[[ Record excerpts, beginning ]]

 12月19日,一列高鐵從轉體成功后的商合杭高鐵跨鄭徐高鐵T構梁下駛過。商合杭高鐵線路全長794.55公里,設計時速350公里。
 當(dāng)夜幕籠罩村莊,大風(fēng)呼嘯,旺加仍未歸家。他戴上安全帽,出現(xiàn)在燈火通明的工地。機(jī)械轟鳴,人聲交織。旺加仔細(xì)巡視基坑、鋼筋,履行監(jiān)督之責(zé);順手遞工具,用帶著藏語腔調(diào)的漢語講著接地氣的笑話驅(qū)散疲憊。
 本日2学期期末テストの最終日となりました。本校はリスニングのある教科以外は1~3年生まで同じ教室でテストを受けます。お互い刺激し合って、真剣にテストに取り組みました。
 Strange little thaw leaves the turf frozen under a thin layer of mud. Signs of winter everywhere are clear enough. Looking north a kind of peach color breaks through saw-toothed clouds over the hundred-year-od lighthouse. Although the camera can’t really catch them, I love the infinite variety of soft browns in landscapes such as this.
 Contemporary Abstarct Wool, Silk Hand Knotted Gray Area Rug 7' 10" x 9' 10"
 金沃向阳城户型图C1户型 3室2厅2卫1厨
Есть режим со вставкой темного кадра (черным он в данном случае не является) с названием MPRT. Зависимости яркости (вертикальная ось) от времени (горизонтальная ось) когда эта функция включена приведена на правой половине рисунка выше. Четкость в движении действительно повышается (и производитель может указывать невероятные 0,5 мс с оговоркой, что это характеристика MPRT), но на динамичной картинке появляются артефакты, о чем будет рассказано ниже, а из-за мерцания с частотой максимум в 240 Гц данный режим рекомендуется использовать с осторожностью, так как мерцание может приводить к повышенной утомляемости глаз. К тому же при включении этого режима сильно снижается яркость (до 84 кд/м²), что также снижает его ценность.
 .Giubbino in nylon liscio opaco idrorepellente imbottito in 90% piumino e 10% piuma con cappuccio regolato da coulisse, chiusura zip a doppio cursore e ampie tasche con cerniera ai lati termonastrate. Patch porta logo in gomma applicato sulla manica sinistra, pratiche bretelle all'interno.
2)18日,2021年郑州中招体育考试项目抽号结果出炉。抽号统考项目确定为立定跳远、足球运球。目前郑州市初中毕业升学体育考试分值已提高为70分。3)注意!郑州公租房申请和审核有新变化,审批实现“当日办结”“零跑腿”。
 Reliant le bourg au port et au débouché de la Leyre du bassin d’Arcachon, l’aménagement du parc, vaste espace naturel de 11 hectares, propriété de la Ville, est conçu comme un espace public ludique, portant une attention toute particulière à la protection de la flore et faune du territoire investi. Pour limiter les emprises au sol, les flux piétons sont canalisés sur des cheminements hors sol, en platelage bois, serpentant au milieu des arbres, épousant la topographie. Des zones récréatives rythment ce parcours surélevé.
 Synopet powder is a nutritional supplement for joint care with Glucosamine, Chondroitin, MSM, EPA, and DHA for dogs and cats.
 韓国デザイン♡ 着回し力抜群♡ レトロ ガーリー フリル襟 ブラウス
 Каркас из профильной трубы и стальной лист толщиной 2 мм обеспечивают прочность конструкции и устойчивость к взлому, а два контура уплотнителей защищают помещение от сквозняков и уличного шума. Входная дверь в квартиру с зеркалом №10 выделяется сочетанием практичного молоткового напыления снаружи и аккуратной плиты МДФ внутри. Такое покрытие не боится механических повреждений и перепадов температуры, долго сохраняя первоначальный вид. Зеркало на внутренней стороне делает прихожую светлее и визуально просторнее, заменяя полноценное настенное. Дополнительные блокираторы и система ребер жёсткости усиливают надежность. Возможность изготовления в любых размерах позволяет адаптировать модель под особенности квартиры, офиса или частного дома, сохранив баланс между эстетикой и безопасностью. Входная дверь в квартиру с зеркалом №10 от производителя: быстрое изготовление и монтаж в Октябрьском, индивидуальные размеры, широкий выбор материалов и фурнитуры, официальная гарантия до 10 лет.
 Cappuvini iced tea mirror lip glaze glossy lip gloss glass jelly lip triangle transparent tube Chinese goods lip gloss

[[ Record excerpts, end ]]

Return exactly the lines that run from the top of the listing above to the line containing "本日2学期期末テストの最終日", please, keeping both end lines and leaving out everything else.

 12月19日,一列高鐵從轉體成功后的商合杭高鐵跨鄭徐高鐵T構梁下駛過。商合杭高鐵線路全長794.55公里,設計時速350公里。
 當(dāng)夜幕籠罩村莊,大風(fēng)呼嘯,旺加仍未歸家。他戴上安全帽,出現(xiàn)在燈火通明的工地。機(jī)械轟鳴,人聲交織。旺加仔細(xì)巡視基坑、鋼筋,履行監(jiān)督之責(zé);順手遞工具,用帶著藏語腔調(diào)的漢語講著接地氣的笑話驅(qū)散疲憊。
 本日2学期期末テストの最終日となりました。本校はリスニングのある教科以外は1~3年生まで同じ教室でテストを受けます。お互い刺激し合って、真剣にテストに取り組みました。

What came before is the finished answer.